# Is there an affair?



## Sadara (Jul 27, 2010)

I really need unbiased opinions. Everyone in my life has a very biased opinion on this matter.

I am new here and haven't even read all that much. The problems in my marriage are very raw right now. 

About a month ago my husband and I went, with out kids, to a family 4th of July event. At this event, a woman was there that was spending a lot of time with my husband. When she first arrived, my husband was walking down the street next to her. He ended up walking right past me and didn't say much to me. He never bothered to introduce me to her. I only knew who she was from seeing pictures of her that he had. He told me when I first found the pictures years ago that they were from a high school girlfriend. He tells me he's recently returned the pictures to her. But, those pictures are the only reason I knew who she was. He ended up sitting next to her for awhile, took pictures together with her. He refuses to take pictures with me anymore. Only did it when we were first married, we've been married almost 7 years now.

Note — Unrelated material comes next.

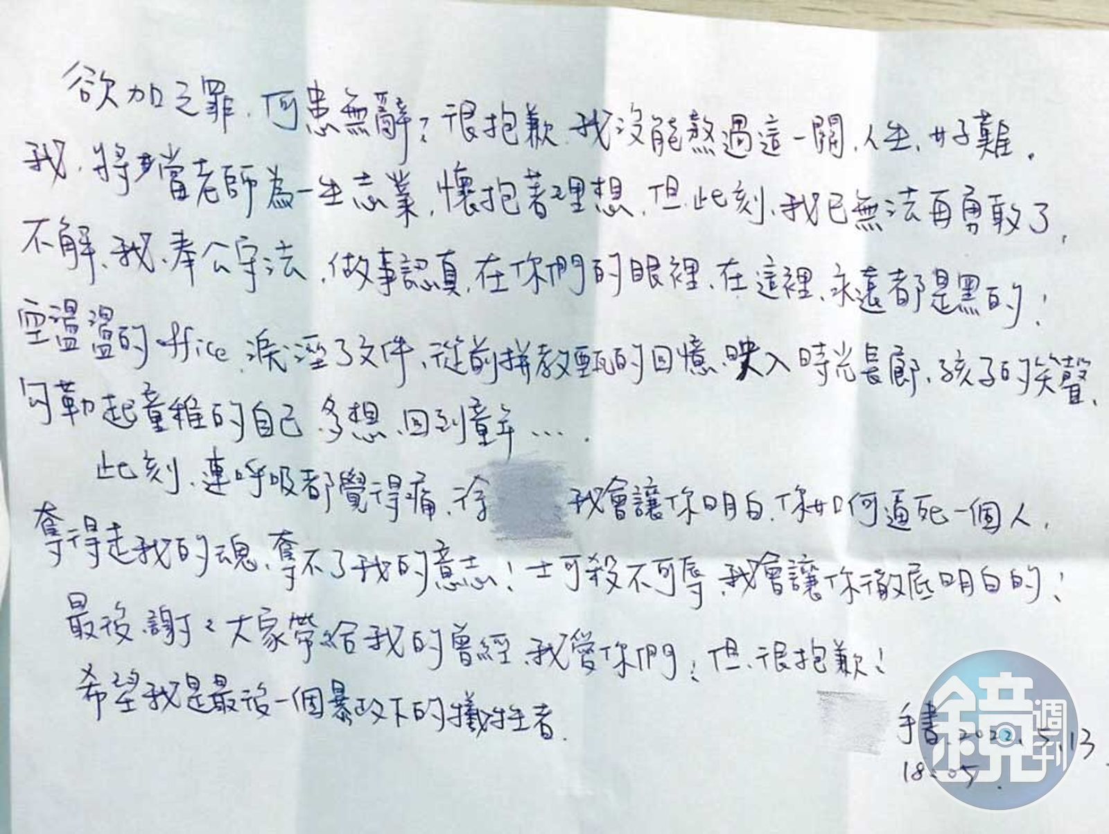 B老師寫下字字血淚的遺書,控訴校長職場霸凌。

Well, I was suspicious of his behavior with her that night. Later, after talking to his sister and her admitting she saw it to, did I ask my husband about it. He denies he did anything wrong. I was jealous, he was ignoring me and spending time with her right under my nose. But, no matter what he denies it.

In the last month they have exchanged emails. And I know from the following email they have been seeing each other. This is the email, copies with names removed, of course. And the bad grammar is there too.

*He emails:* (two pictures attached of him in sexy boxer shorts) and says "are you still wet? Think these will help...? This we would have a little more time tomorrow the last chance and day for a while?
*She emails:* I like them. Can I see you in the morning.
*He emails:* Yep I am game for that. I will even try to get the kids around early so I can get some coffee for us.
*She email:* Sounds great to me

That exchange of emails took place just last week, while I was out of town on business.

He tells me that he sent her that picture to help cheer her up. He tells me that her husband is abusing her physically. I'm having an extremely hard time believing him. 

If that was an email you found, what would you think? Please be honest, but gentle with me.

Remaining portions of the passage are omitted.